Input:
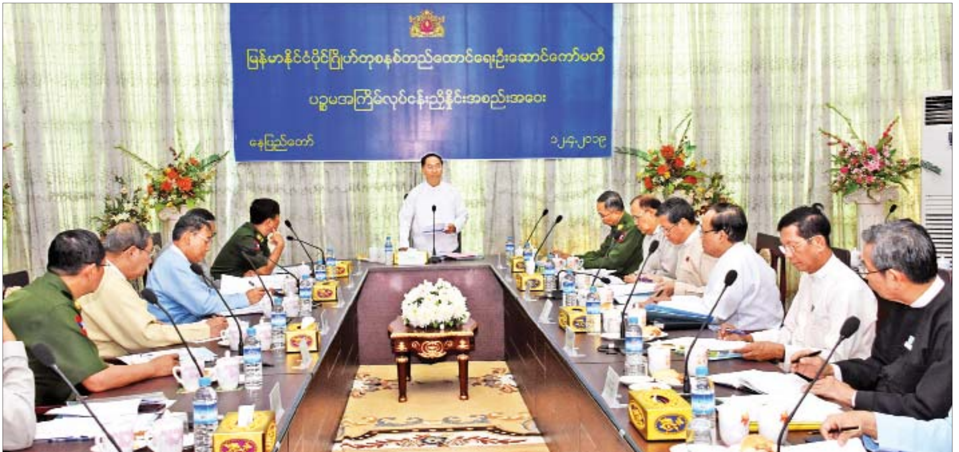
ဒုတိယသမ္မတ ဦးမြင့်ဆွေ မြန်မာနိုင်ငံပိုင် ဂြိုဟ်တုစနစ်တည်ထောင်ရေး ဦးဆောင်ကော်မတီ၏ ပဉ္စမအကြိမ် လုပ်ငန်းညှိနှိုင်းအစည်းအဝေးတွင် အမှာစကားပြောကြားစဉ်။
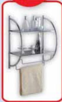
Estantería con portatealías •45 x 54,5 x 26 cm. Metal cromado.
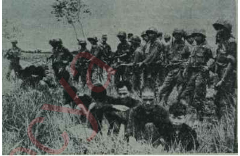
Vietnamlı askerler ve esirleri

mehtedir. Gerçi komünist çetecilerin yaptıkları da Güney Vietnamda büyük bir huzursuzluk kaynağıdır ama, bu fakir ülkede bunun yanında çok önemli başka huzursuzluk kaynakları da vardır. Bunların birincisi, Güney Vietnam ekonomisinin içler acısı durumudur. Yılları süren savaş, Vietnamlıların biraz olsun rahat nefes almalarına izin vermemektedir. İkincisi, Vietnam halkı arasındaki dini bölünme de ülkede devamlı olarak huzursuzluk yaratmaktadır. Önce Fransız idaresi altında sonra da Diem zamanında Vietnamın çoğunluğunu teş-
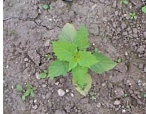
フウリンホオズキ (ホオズキ類)

○雑草が大きくなると、薬剤が効きにくくなります。 雑草が小さいうちに 防除しましょう。
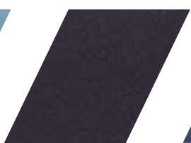
669 - GRAFITE
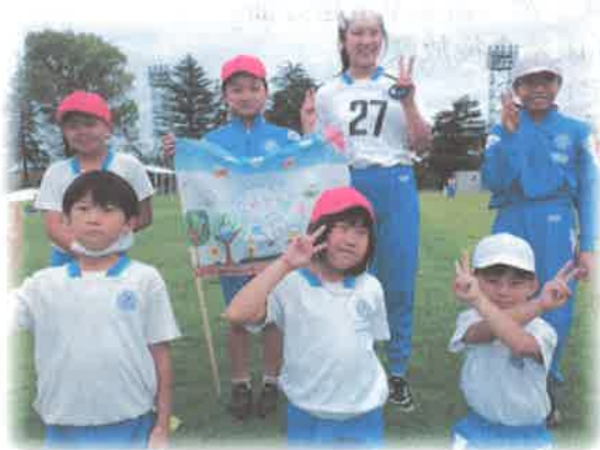
みんなで歩き切って、記念撮影
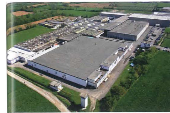
Einige Mitarbeiter im Werk in Pontirolo arbeiten schon in der dritten Generation für die Firma.

Der Markisentuchhersteller vertreibt seine Produkte weltweit. Dabei sei Italien einer der wichtigsten Märkte für das Unternehmen. Aber auch auf Deutschland, die Schweiz, Österreich, Benelux und Skandinavien – sprich Märkte in Europa – setzt das Unternehmen. Und nicht nur das: In den Vereinigten Staaten ist Parà mit eigenem Branding Tempotest USA im Markt vertreten. Durch die globalen Aktivitäten bekommt die Firma auch weltweit die Trends der Sonnenschutzbranche mit. „Seit einigen Jahren haben wir einen Trend zur vertikalen Verschattung, sprich: allem, was von oben nach unten fährt“, sagt Kratz. „Deswegen haben wir
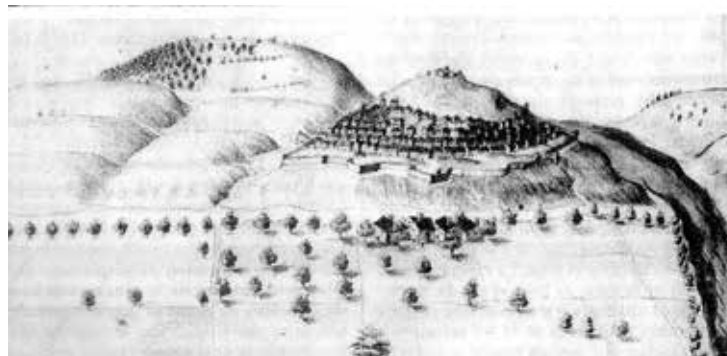
Livron en 1608 - Dessin d'Henri de Beins, Ingénieur d'Henri IV.

Merci à Ronan Capron pour son aide précieuse.
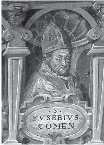
Fig. 4. Palazzo vescovile di Como. Immagine del vescovo Eusebio.

Giovi e ritenere che Eusebio fosse vescovo di Como agli inizi del VI secolo.
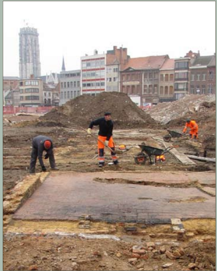
19de-eeuwse resten worden blootgelegd door archeologen

Leermarkt, Blaasbalgstraat, Huidenvettersstraat, ... Bij wie vertrouwd is met de oude ambachten zullen deze straatnamen ongetwijfeld een belle-tje doen rinkelen. 'Huidenvetters' is immers de middeleeuwse benaming voor leerlooiers, de ambachtslui die runderhuiden tot leder bewerkten. Rond 1250 woonden de leerlooiers bij mekaar naast de Melaan in de

What the task requires: Except for the pictures, copy the material above exactly.

Answer to this exercise:
ဒုတိယသမ္မတ ဦးမြင့်ဆွေ မြန်မာနိုင်ငံပိုင် ဂြိုဟ်တုစနစ်တည်ထောင်ရေး ဦးဆောင်ကော်မတီ၏ ပဉ္စမအကြိမ် လုပ်ငန်းညှိနှိုင်းအစည်းအဝေးတွင် အမှာစကားပြောကြားစဉ်။
Estantería con portatealías •45 x 54,5 x 26 cm. Metal cromado.
Vietnamlı askerler ve esirleri

mehtedir. Gerçi komünist çetecilerin yaptıkları da Güney Vietnamda büyük bir huzursuzluk kaynağıdır ama, bu fakir ülkede bunun yanında çok önemli başka huzursuzluk kaynakları da vardır. Bunların birincisi, Güney Vietnam ekonomisinin içler acısı durumudur. Yılları süren savaş, Vietnamlıların biraz olsun rahat nefes almalarına izin vermemektedir. İkincisi, Vietnam halkı arasındaki dini bölünme de ülkede devamlı olarak huzursuzluk yaratmaktadır. Önce Fransız idaresi altında sonra da Diem zamanında Vietnamın çoğunluğunu teş-
フウリンホオズキ (ホオズキ類)

○雑草が大きくなると、薬剤が効きにくくなります。 雑草が小さいうちに 防除しましょう。
669 - GRAFITE
みんなで歩き切って、記念撮影
Einige Mitarbeiter im Werk in Pontirolo arbeiten schon in der dritten Generation für die Firma.

Der Markisentuchhersteller vertreibt seine Produkte weltweit. Dabei sei Italien einer der wichtigsten Märkte für das Unternehmen. Aber auch auf Deutschland, die Schweiz, Österreich, Benelux und Skandinavien – sprich Märkte in Europa – setzt das Unternehmen. Und nicht nur das: In den Vereinigten Staaten ist Parà mit eigenem Branding Tempotest USA im Markt vertreten. Durch die globalen Aktivitäten bekommt die Firma auch weltweit die Trends der Sonnenschutzbranche mit. „Seit einigen Jahren haben wir einen Trend zur vertikalen Verschattung, sprich: allem, was von oben nach unten fährt“, sagt Kratz. „Deswegen haben wir
Livron en 1608 - Dessin d'Henri de Beins, Ingénieur d'Henri IV.

Merci à Ronan Capron pour son aide précieuse.
Fig. 4. Palazzo vescovile di Como. Immagine del vescovo Eusebio.

Giovi e ritenere che Eusebio fosse vescovo di Como agli inizi del VI secolo.
19de-eeuwse resten worden blootgelegd door archeologen

Leermarkt, Blaasbalgstraat, Huidenvettersstraat, ... Bij wie vertrouwd is met de oude ambachten zullen deze straatnamen ongetwijfeld een belle-tje doen rinkelen. 'Huidenvetters' is immers de middeleeuwse benaming voor leerlooiers, de ambachtslui die runderhuiden tot leder bewerkten. Rond 1250 woonden de leerlooiers bij mekaar naast de Melaan in de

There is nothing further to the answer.